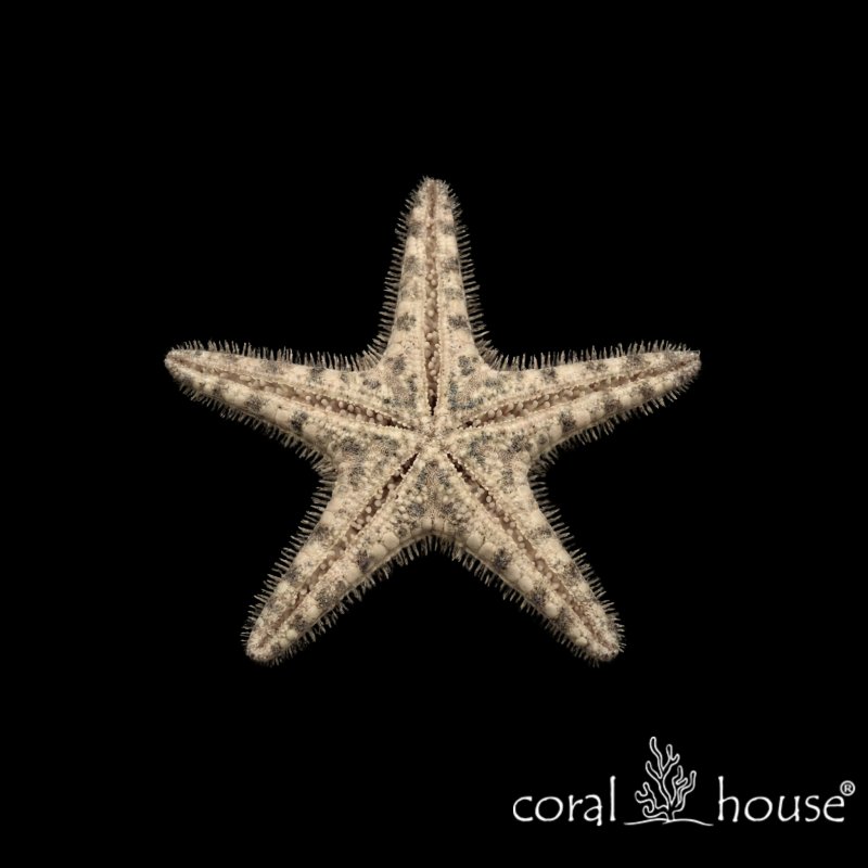 Archaster typicus to jedna z najpopularniejszych i najbardziej cenionych rozgwiazd w akwarystyce morskiej. W odróżnieniu od swoich kolorowych kuzynów, jej wygląd jest stonowany i nastawiony na kamuflaż: ciało ma barwę szaro-beżową z ciemniejszymi, geometrycznymi wzorami, co pozwala jej idealnie wtopić się w tło piaszczystego dna. Dorasta zazwyczaj do około 10-15 cm średnicy. Choć nie jest jaskrawa, akwaryści cenią ją za niezwykłą pracowitość i specyficzny tryb życia – większość czasu spędza bowiem zakopana tuż pod powierzchnią piasku.
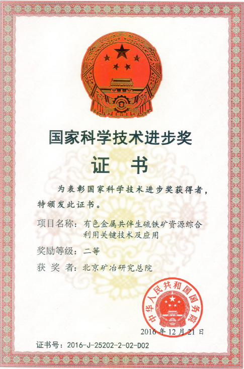 | 3 | 2016 | 國(guó)家級(jí) | 國(guó)家科技進(jìn)步獎(jiǎng) | 2 | 國(guó)務(wù)院 | 有色金屬共伴生硫鐵礦資源綜合利用關(guān)鍵技術(shù)及應(yīng)用 |
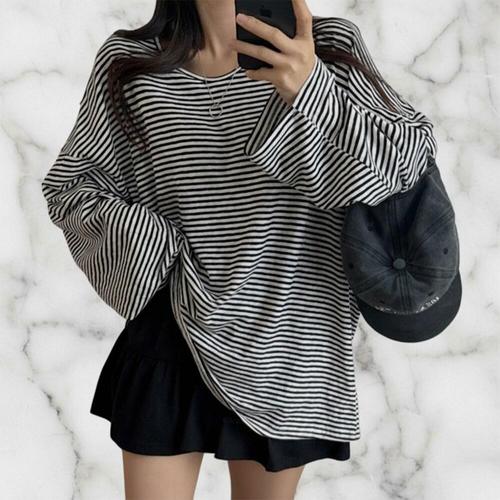 [미라클세븐]여성용 스트라이프 긴팔 티셔츠 박시핏 힙커버 얇은 스타일
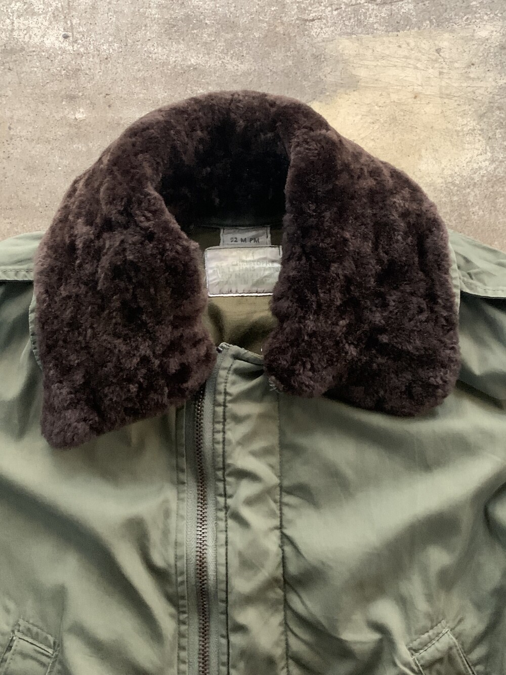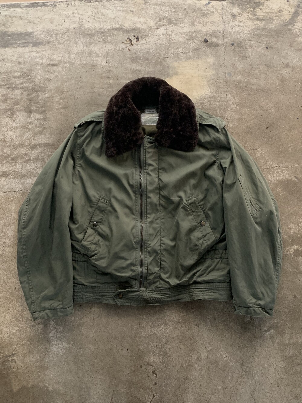 콕핏에 앉은 상태에서도 거추장스럽지 않을만한 짦은 기장감과 더불어 미군과는 달리 벌키하지 않으면서도 적절하게 배치된 충전재, 한 쪽으로 살짝 치우쳐진 지퍼, 탈부착 가능한 칼라 등이 돋보이는 제품입니다. 표기 92M 으로 100호 전후로 착용하는 분들에게 권장드립니다. 🚩 🚩Condition 소매 부분 겉감 헤짐 등의 사용감이 있는 제품.

- YOUR ASSIGNMENT
Every line from the one with "國(guó)務(wù)院 | 有色金屬共伴生硫鐵礦資源綜合利用關(guān)鍵技術(shù)及應(yīng)用 |" through the last line of the data must be copied exactly. Leave the pictures out.

- RESULT
 | 3 | 2016 | 國(guó)家級(jí) | 國(guó)家科技進(jìn)步獎(jiǎng) | 2 | 國(guó)務(wù)院 | 有色金屬共伴生硫鐵礦資源綜合利用關(guān)鍵技術(shù)及應(yīng)用 |
 [미라클세븐]여성용 스트라이프 긴팔 티셔츠 박시핏 힙커버 얇은 스타일
 콕핏에 앉은 상태에서도 거추장스럽지 않을만한 짦은 기장감과 더불어 미군과는 달리 벌키하지 않으면서도 적절하게 배치된 충전재, 한 쪽으로 살짝 치우쳐진 지퍼, 탈부착 가능한 칼라 등이 돋보이는 제품입니다. 표기 92M 으로 100호 전후로 착용하는 분들에게 권장드립니다. 🚩 🚩Condition 소매 부분 겉감 헤짐 등의 사용감이 있는 제품.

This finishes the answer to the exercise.